▶ **ABOUT THIS EXERCISE**:
The needed output is the run of lines below from the one containing "FZN25/FZRN25型真" through the one containing "En general, los", copied exactly and free of pictures.

▶ **DATA LISTING**:
****************

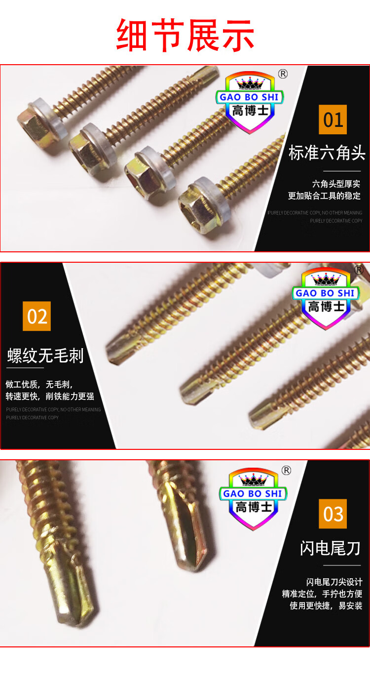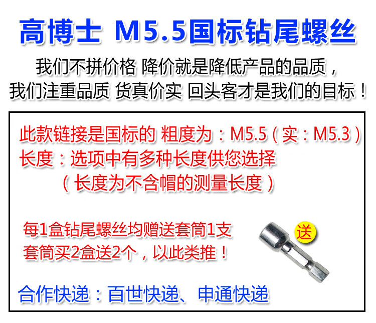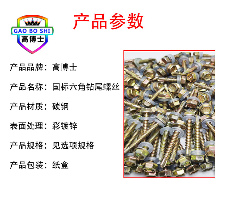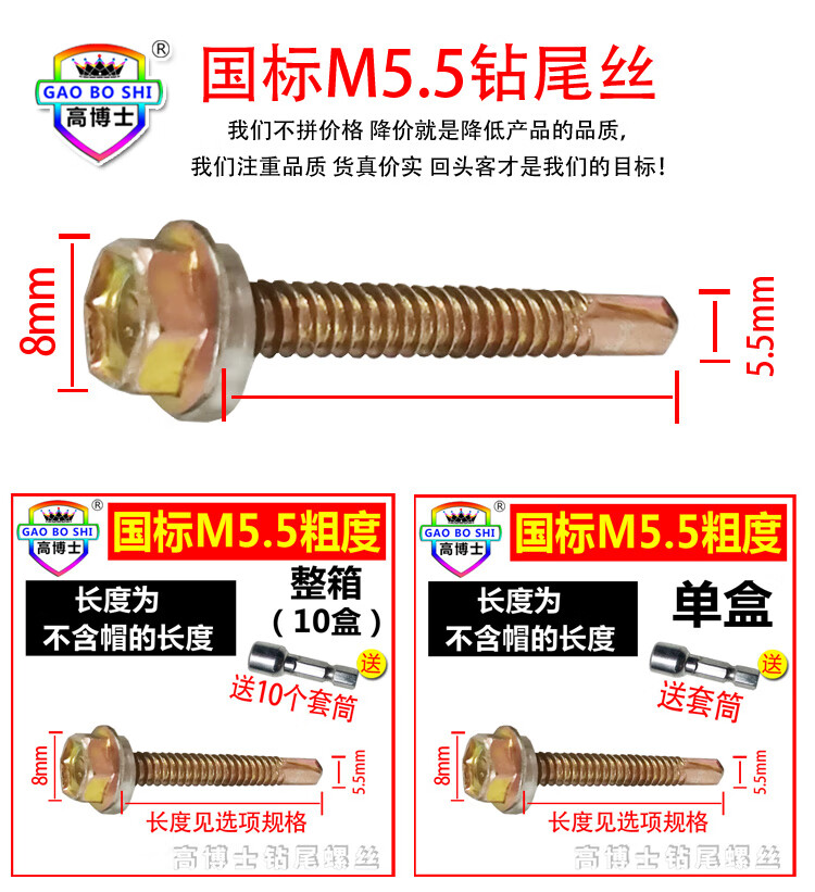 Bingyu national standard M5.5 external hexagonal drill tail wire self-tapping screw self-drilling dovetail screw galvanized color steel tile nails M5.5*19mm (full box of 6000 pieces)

****************

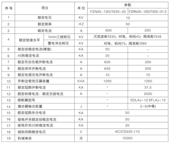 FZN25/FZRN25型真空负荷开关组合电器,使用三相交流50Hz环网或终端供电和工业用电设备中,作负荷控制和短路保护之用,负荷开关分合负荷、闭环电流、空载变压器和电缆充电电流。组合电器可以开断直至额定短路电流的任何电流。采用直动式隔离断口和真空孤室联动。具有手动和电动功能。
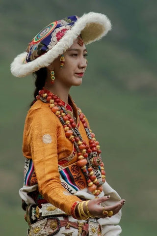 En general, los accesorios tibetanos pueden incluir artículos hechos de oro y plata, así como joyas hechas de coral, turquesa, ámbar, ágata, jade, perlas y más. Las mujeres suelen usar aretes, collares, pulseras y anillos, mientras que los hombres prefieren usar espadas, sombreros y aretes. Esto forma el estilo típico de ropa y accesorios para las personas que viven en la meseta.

****************

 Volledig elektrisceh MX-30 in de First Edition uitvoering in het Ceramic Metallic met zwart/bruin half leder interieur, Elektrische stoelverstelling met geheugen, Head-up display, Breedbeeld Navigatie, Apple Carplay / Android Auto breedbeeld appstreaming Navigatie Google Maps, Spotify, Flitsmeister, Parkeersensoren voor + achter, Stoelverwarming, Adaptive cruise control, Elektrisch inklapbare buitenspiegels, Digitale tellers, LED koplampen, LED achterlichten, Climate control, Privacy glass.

****************

▶ **TASK RESULT**:
 FZN25/FZRN25型真空负荷开关组合电器,使用三相交流50Hz环网或终端供电和工业用电设备中,作负荷控制和短路保护之用,负荷开关分合负荷、闭环电流、空载变压器和电缆充电电流。组合电器可以开断直至额定短路电流的任何电流。采用直动式隔离断口和真空孤室联动。具有手动和电动功能。
 En general, los accesorios tibetanos pueden incluir artículos hechos de oro y plata, así como joyas hechas de coral, turquesa, ámbar, ágata, jade, perlas y más. Las mujeres suelen usar aretes, collares, pulseras y anillos, mientras que los hombres prefieren usar espadas, sombreros y aretes. Esto forma el estilo típico de ropa y accesorios para las personas que viven en la meseta.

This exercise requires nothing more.